§ **Requirement**: The answer must reproduce the listing exactly, with every picture left out.

§ **Information shown**:
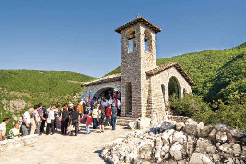 Lasciata Leonessa, attraversando in direzione di Cascia la frazione di Vindoli, fucina di abili “mastri ferrari”, ai piedi del castello di Pianezza, un bivio conduce a S. Giovenale. Prossimo al borgo, immerso nel verde e nel silenzio delle geometrie che caratterizzano il paesaggio agrario dell’Altopiano di Chiavano, suddiviso da secolari recinzioni, ove dominano la quercia, l’acero montano e il pioppo e sono ancora leggibili le antiche centuriazioni romane, il santuario della Madonna della Paolina. Qui, nel 1665, la Vergine apparve a una pastorella di S. Giovenale, o di Buda, facendo scaturire una limpida fonte. Sulla prima edicola, accanto al pozzo dell’acqua miracolosa, sorse una chiesa ingrandita nei secoli dove ogni anno, il 25 di agosto, ai canti dei tanti pellegrini fa da sfondo il vociare paesano dell’affollata fiera che costituisce uno degli appuntamenti annuali più importanti per la gente della montagna dell’alta Valnerina.
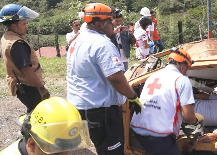 Dos personas quedaron hipotéticamente atrapadas en la cabina de un vehículo cuando ocurrió un deslizamiento de tierra al sur de ciudad de Estelí, por el sector conocido La Gavilana, sobre la Carretera Panamericana. Esto fue parte del Tercer Ejercicio Multiamenazas desarrollado el jueves en Nicaragua.
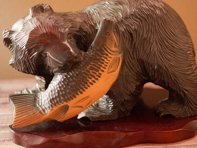 鮭を咥え始めたのは、第二次世界大戦後になってから。戦後になって工芸品としての木彫り熊がよく売れるようになり、現在の鮭を咥えた姿が定番になったようです。
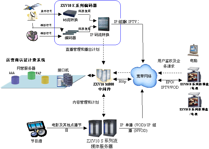 系統工作過程大致如下:①媒體源經過媒體處理模塊處理成系統所定義的格式,存儲在主媒體基站上,并由后臺的媒體分發管理模塊負責如何將這些節目分發到下面的每一個區域中的媒體基站中。②同時有關節目的信息也被下發到EPG服務器中,供EPG顯示給用戶。③用戶開機經過后臺認證后登錄到EPG服務器上,開始瀏覽系統的節目信息。④當用戶選擇一個節目觀看后,EPG將有關節目信息和用戶的信息發送到后臺部分,由后臺的用戶管理部分判斷用戶是否能夠欣賞節目,如果可以,用戶的機頂盒則向本區域的媒體基站發送播放節目的請求。⑤播放完畢,機頂盒向后臺發送扣除相應收費的請求,同時重新定向到EPG服務器,用戶可以繼續瀏覽節目和欣賞節目。

§ **Task answer**:
 Lasciata Leonessa, attraversando in direzione di Cascia la frazione di Vindoli, fucina di abili “mastri ferrari”, ai piedi del castello di Pianezza, un bivio conduce a S. Giovenale. Prossimo al borgo, immerso nel verde e nel silenzio delle geometrie che caratterizzano il paesaggio agrario dell’Altopiano di Chiavano, suddiviso da secolari recinzioni, ove dominano la quercia, l’acero montano e il pioppo e sono ancora leggibili le antiche centuriazioni romane, il santuario della Madonna della Paolina. Qui, nel 1665, la Vergine apparve a una pastorella di S. Giovenale, o di Buda, facendo scaturire una limpida fonte. Sulla prima edicola, accanto al pozzo dell’acqua miracolosa, sorse una chiesa ingrandita nei secoli dove ogni anno, il 25 di agosto, ai canti dei tanti pellegrini fa da sfondo il vociare paesano dell’affollata fiera che costituisce uno degli appuntamenti annuali più importanti per la gente della montagna dell’alta Valnerina.
 Dos personas quedaron hipotéticamente atrapadas en la cabina de un vehículo cuando ocurrió un deslizamiento de tierra al sur de ciudad de Estelí, por el sector conocido La Gavilana, sobre la Carretera Panamericana. Esto fue parte del Tercer Ejercicio Multiamenazas desarrollado el jueves en Nicaragua.
 鮭を咥え始めたのは、第二次世界大戦後になってから。戦後になって工芸品としての木彫り熊がよく売れるようになり、現在の鮭を咥えた姿が定番になったようです。
 系統工作過程大致如下:①媒體源經過媒體處理模塊處理成系統所定義的格式,存儲在主媒體基站上,并由后臺的媒體分發管理模塊負責如何將這些節目分發到下面的每一個區域中的媒體基站中。②同時有關節目的信息也被下發到EPG服務器中,供EPG顯示給用戶。③用戶開機經過后臺認證后登錄到EPG服務器上,開始瀏覽系統的節目信息。④當用戶選擇一個節目觀看后,EPG將有關節目信息和用戶的信息發送到后臺部分,由后臺的用戶管理部分判斷用戶是否能夠欣賞節目,如果可以,用戶的機頂盒則向本區域的媒體基站發送播放節目的請求。⑤播放完畢,機頂盒向后臺發送扣除相應收費的請求,同時重新定向到EPG服務器,用戶可以繼續瀏覽節目和欣賞節目。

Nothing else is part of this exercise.